Je vais vous raconter une histoire. L’histoire de Stéphanie Labeille. Stéphanie a 30 ans, elle est diplômée d’un CAP de vente, elle travaille en Seine-et-Marne. Depuis des années, elle sollicite un logement HLM. Elle ne l’a jamais obtenu. Alors, elle vit à l’année dans une caravane. Stéphanie, faute de logement social, doit dormir chaque nuit dans un camping. Quand un journaliste l’interroge, cette femme fière répond : « J’ai abandonné la recherche pour les HLM. Je ne me plains même plus. On a l’impression qu’il y en a plus pour les immigrés que pour nous. Pour les maisons, pour les appartements, ils sont toujours prioritaires. ». L’histoire de Stéphanie, c’est l’histoire de tellement de Françaises ! Pendant ce temps, 20 % d’étrangers occupent nos logements sociaux.
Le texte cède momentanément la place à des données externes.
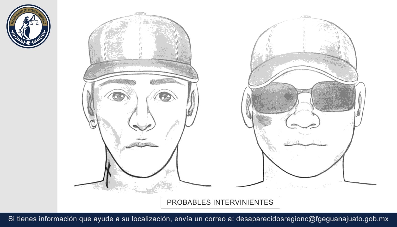 Cualquier información que contribuya a su identificación o localización puede ser proporcionada en el Palacio de Justicia, tercer piso, calle Heliotropo S/N, colonia Las Flores, Celaya, Guanajuato, C.P. 38090, o comunicándose al teléfono (461) 598 5200, extensiones 76055 y 76155, así como al correo electrónico desaparecidosreglonc@fgeguanajuato.gob.mx.

Nous disons « stop ». Ca suffit ! La fête est finie. Nous réserverons nos logements sociaux aux Français ! Oui, le logement est l’une des dépenses les plus lourdes et il n’y a pas de raison de toujours favoriser les autres ! Nous n’acceptons plus qu’on nous fasse les poches pour nourrir ceux qui ne font pas d’effort, ceux qui souvent nous haïssent et ceux qui nous méprisent.

Nous couperons les aides sociales aux étrangers extra-européens : RSA, allocations familiales, aides au logement. En tout, ce sont plus de vingt milliards d’euros par an qu’on arrêtera de vous prendre ! Car avec ces recettes nous allégerons les charges qui pèsent sur les salaires des Français les plus modestes. Il n’est plus admissible que votre fiche de paye vienne financer l’assistanat des étrangers.

Nous allons donc augmenter votre salaire, sans desservir vos entreprises. Nous allons augmenter votre salaire net, en préservant le salaire brut !

Pour ceux qui touchent un SMIC, cette somme représentera jusqu’à 105 euros par mois. C’est un véritable treizième mois qui doit permettre à des millions de Français d’éclaircir l’horizon de leur famille !

Oui, je pense aux familles, car le pouvoir d’achat est souvent une préoccupation collective. C’est l’angoisse des parents pour leurs enfants, c’est la difficulté à fonder un foyer, et c’est même parfois des tensions dans un couple.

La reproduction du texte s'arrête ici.